#ResearchSpeak: fools rush in where angels fear to tread
AHSCT for children with MS; do the benefits justify the risks? #MSBlog #ResearchSpeak
Some critics would state that resorting to HSCT to control MS in children is foolish. However, life sometimes rewards the brave. The paper below describes the use of autologous hematopoietic stem cell transplantation (aHSCT) in children with MS. They describe 21 children with MS from across Europe who underwent aHSCT. Please not all these children had very active and aggressive MS. It is quite remarkable that 100% had progression free survival. Is this too good to be true? I note that 2 of the children had relapses so not all children were NEDA. The question is what do you do post aHSCT to suppress disease activity? Could similar results have been achieved with natalizumab, or alemtuzumab, or rituximab/ocrelizumab with fewer side effects and lower risks? This is the real question that needs to be answered. I still think we need a randomised controlled trial to assess the risk:benefit of aHSCT compared to standard of care before we support the widespread use of aHSCT in pwMS, including children. That is why I am supportive of UK trial of AHSCT vs. Alemtuzumab. Do you agree?
Autologous hematopoietic stem cell transplantation (aHSCT) is a promising therapy for multiple sclerosis (MS), which has mainly been used in adults. The purpose of this study was to investigate efficacy and adverse events of aHSCT in the treatment of children with MS using data from the European Society for Blood and Marrow Transplantation registry. Twenty-one patients with a median follow-up time of 2.8 years could be identified. PFS at 3 years was 100%, 16 patients improved in expanded disability status scale score and only 2 patients experienced a clinical relapse. The procedure was generally well tolerated and only two instances of severe transplant-related toxicity were recorded. There was no treatment-related mortality, although one patient needed intensive care. aHSCT may be a therapeutic option for children with disease that does not respond to standard care.
4 thoughts on “#ResearchSpeak: fools rush in where angels fear to tread”
I don't think you would find many rms patients who would not want this trial done. Whilst no neurologist in their right mind would put me in that trial; I have peers with ms who, I feel, really deserve this trial. From memory you have previously put a grant through for this but it was rejected? What reasons were given?
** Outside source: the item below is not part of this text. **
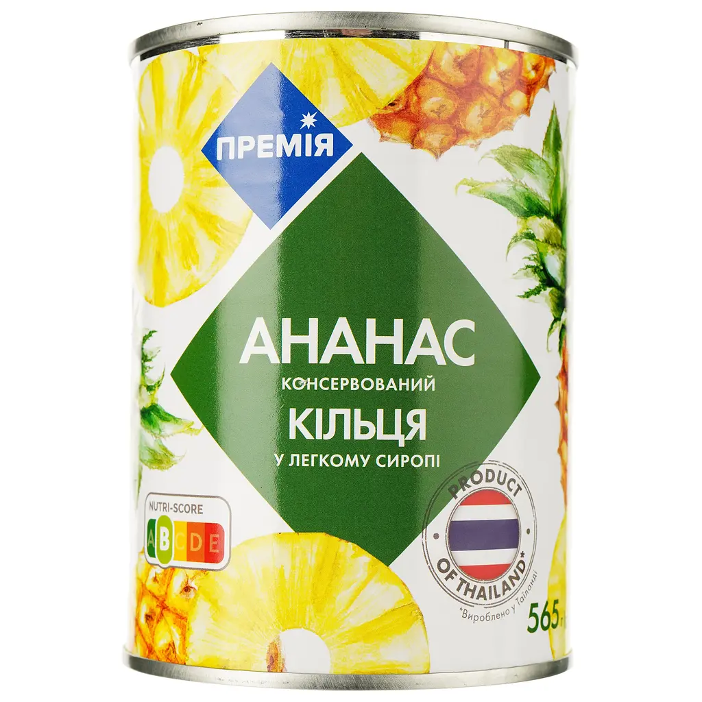 Ананас кольцами Премія в легком сиропе - изумительное лакомство, отличающееся тонким ароматом и нежным вкусом. Поспевая в теплых лучах ласкового солнца отличаются не только своим идеальным видом и вкусом, но и полезными свойствами, которые приумножаются за счет чистого района произрастания. Ароматная заготовка идеальна для употребления в чистом виде или для включения в состав выпечки и других десертов.

I think the question that needs asking is what about the risks and side effects (Especially) long term of DMDs?What are the long term NEDAs of said DMDs, surely that data exists?Surely aHSCT mortality risk of c0.5% or lower can be compared to PML risk of Tysabri (similar)?My comments are in general not re children with MS
I would rather take a risk and maybe die fast vs having my life slowly taken away from me due to increasing disability, kognitive decline, fatigue. I know here in Norway pwMS are in the high range of divorce statistics, suicide statistics, and the biggest group of young people who are disability pensioners. Life with MS is not easy, even in the happiest country in the world. Can any of the DMDs aquire NEDA? I recently listened to an interview with the first person they did HSCT on in Sweden, she's had NEDA for 12 years now. She will always have this ghost of the MS returning back to her life hanging over her, but in the meanwhile she got to have a normal life, she got to have a family and kids, she got to have a job. Would she have had the same opportunities on a DMD?
I don't think you would find many rms patients who would not want this trial done. Whilst no neurologist in their right mind would put me in that trial; I have peers with ms who, I feel, really deserve this trial. From memory you have previously put a grant through for this but it was rejected? What reasons were given?
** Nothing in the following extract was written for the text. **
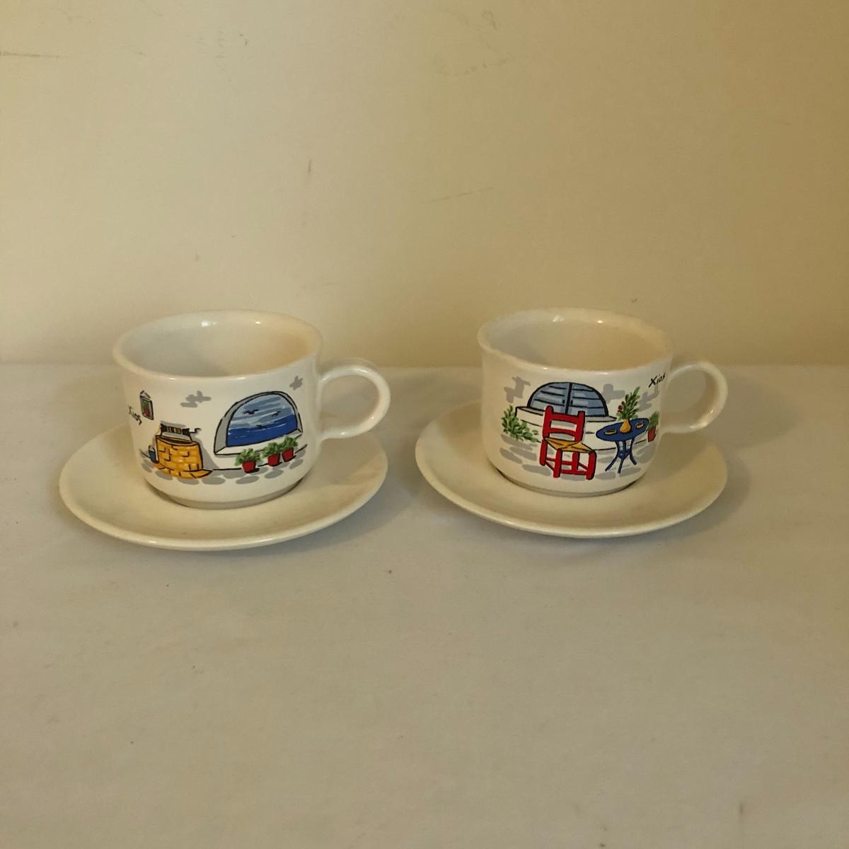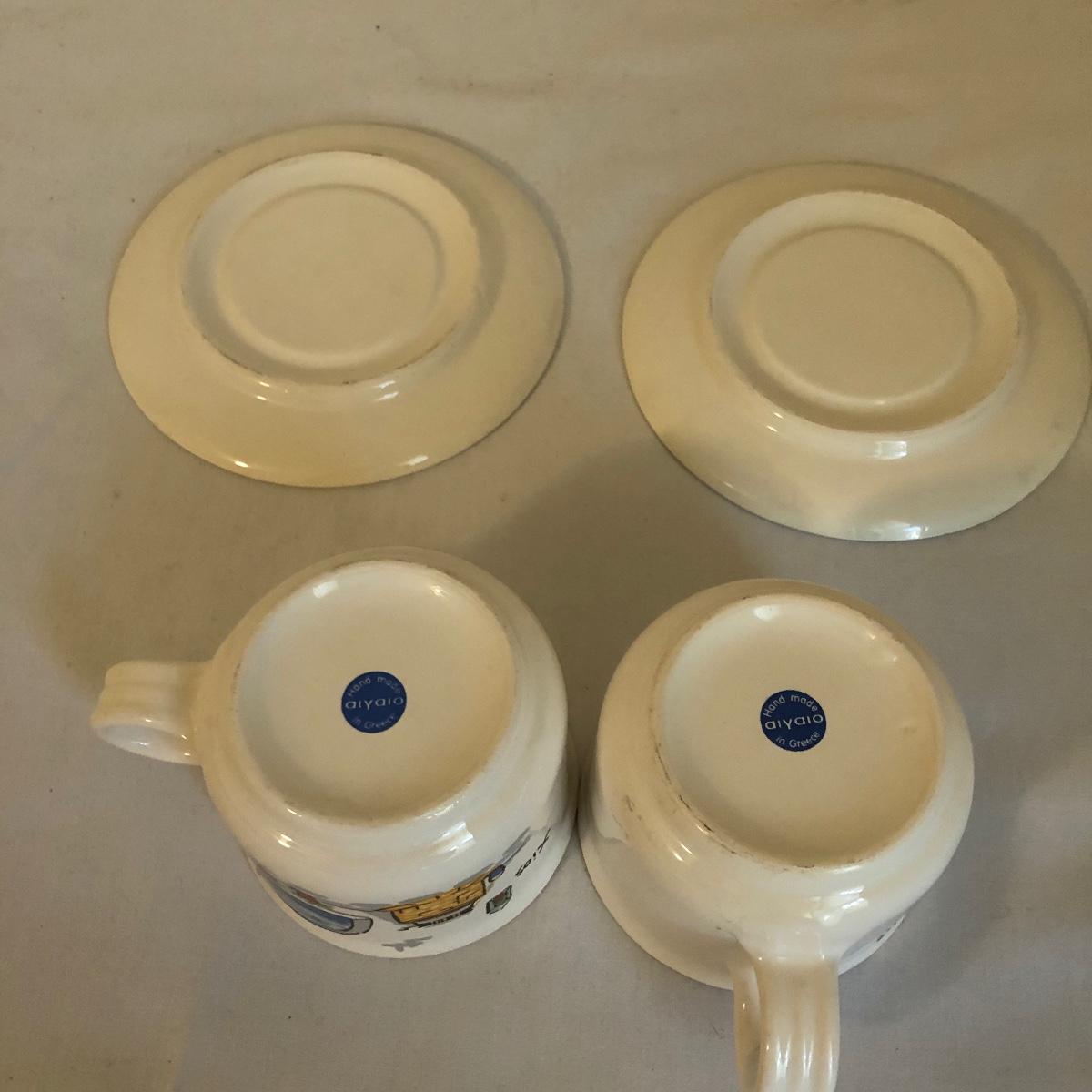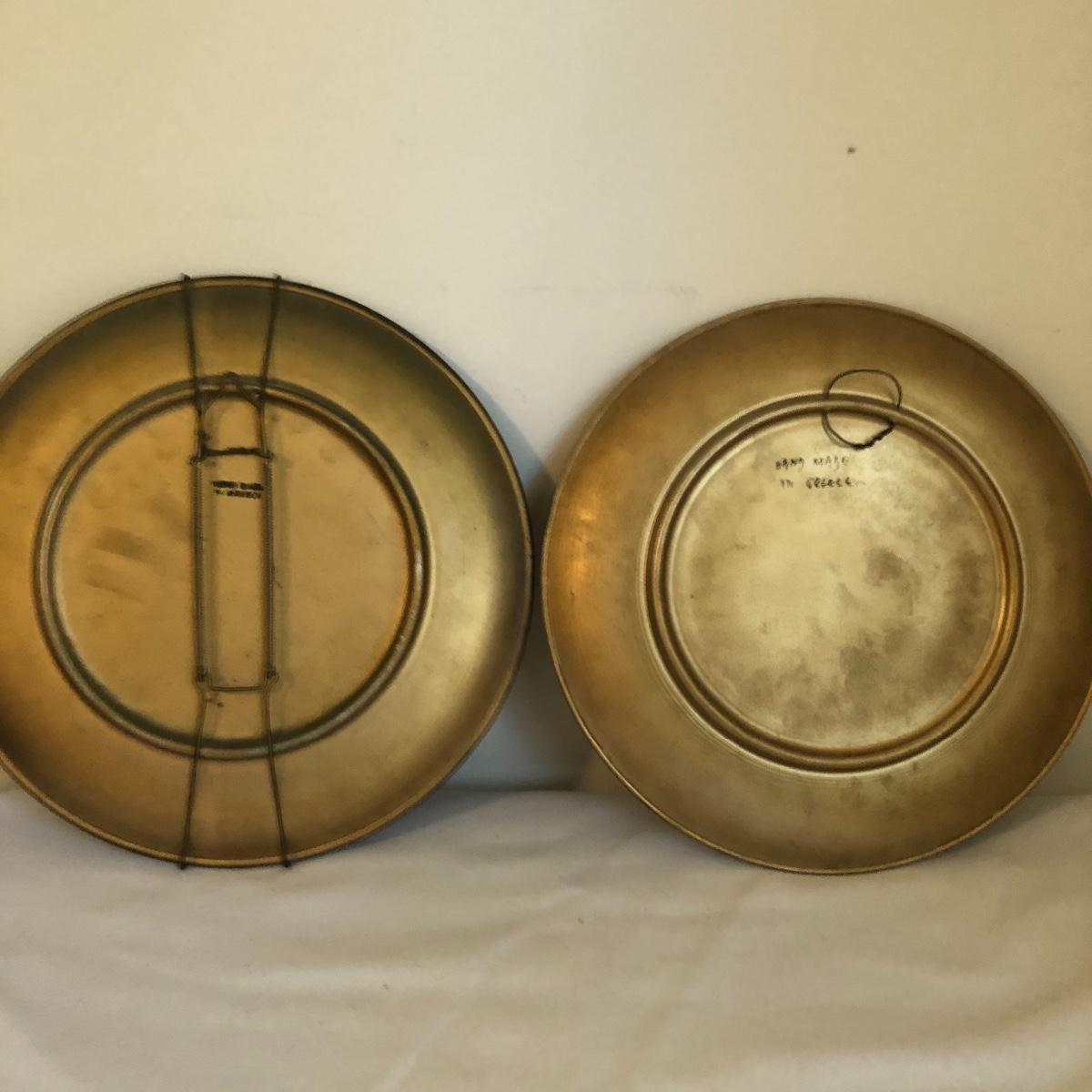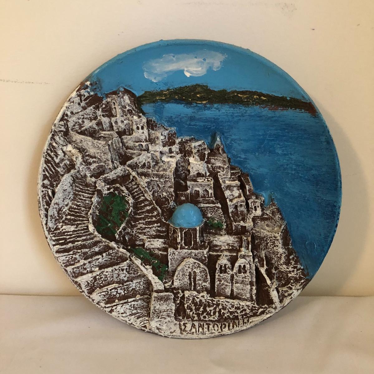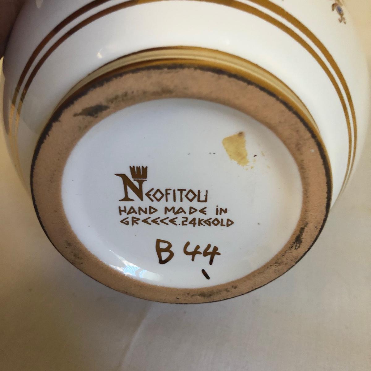 A nice find for the Greek lover in your life. Lot includes framed art, plaque with what appears to be a copper mounted piece, two mugs and saucers, three plates with classic buildings, Neofitou vase with 24k gold and more. Largest frame measures 12.75” x 15.75”.

What value and limits do you place on your quality of life and EDSS?This treatment has been most effective in halting not repairing damage.
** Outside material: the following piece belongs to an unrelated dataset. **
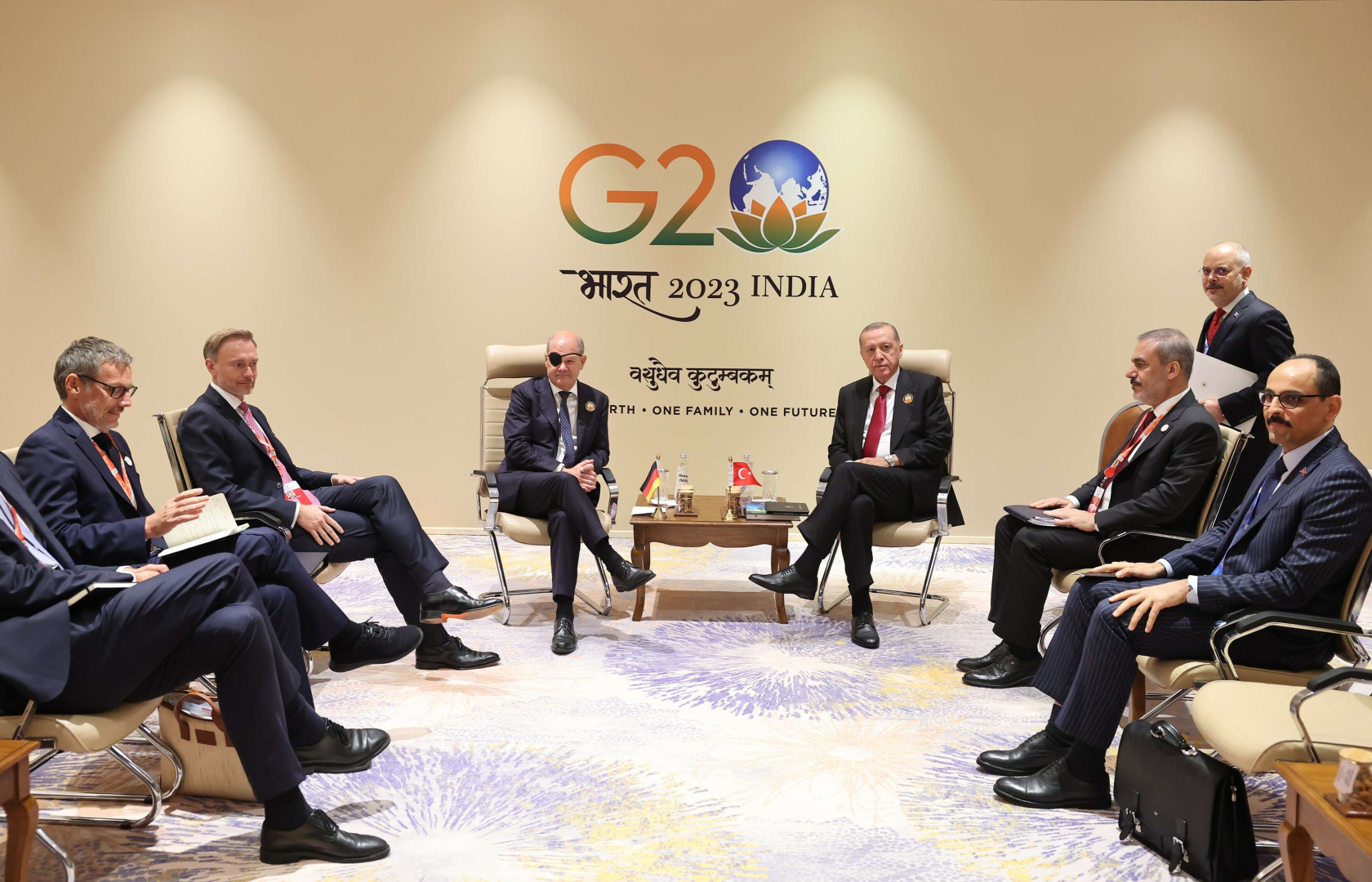 Cumhurbaşkanı Recep Tayyip Erdoğan, Hindistan’ın başkenti Yeni Delhi’deki Bharat Mandapam Uluslararası Fuar ve Kongre Merkezi'nde gerçekleştirilen G20 Liderler Zirvesi’nin ardından ikili görüşmelerini sürdürüyor. Cumhurbaşkanı Erdoğan, Almanya Başbakanı Olaf Scholz ile bir araya geldi.

I think the question that needs asking is what about the risks and side effects (Especially) long term of DMDs?What are the long term NEDAs of said DMDs, surely that data exists?Surely aHSCT mortality risk of c0.5% or lower can be compared to PML risk of Tysabri (similar)?My comments are in general not re children with MS
I would rather take a risk and maybe die fast vs having my life slowly taken away from me due to increasing disability, kognitive decline, fatigue. I know here in Norway pwMS are in the high range of divorce statistics, suicide statistics, and the biggest group of young people who are disability pensioners. Life with MS is not easy, even in the happiest country in the world. Can any of the DMDs aquire NEDA? I recently listened to an interview with the first person they did HSCT on in Sweden, she's had NEDA for 12 years now. She will always have this ghost of the MS returning back to her life hanging over her, but in the meanwhile she got to have a normal life, she got to have a family and kids, she got to have a job. Would she have had the same opportunities on a DMD?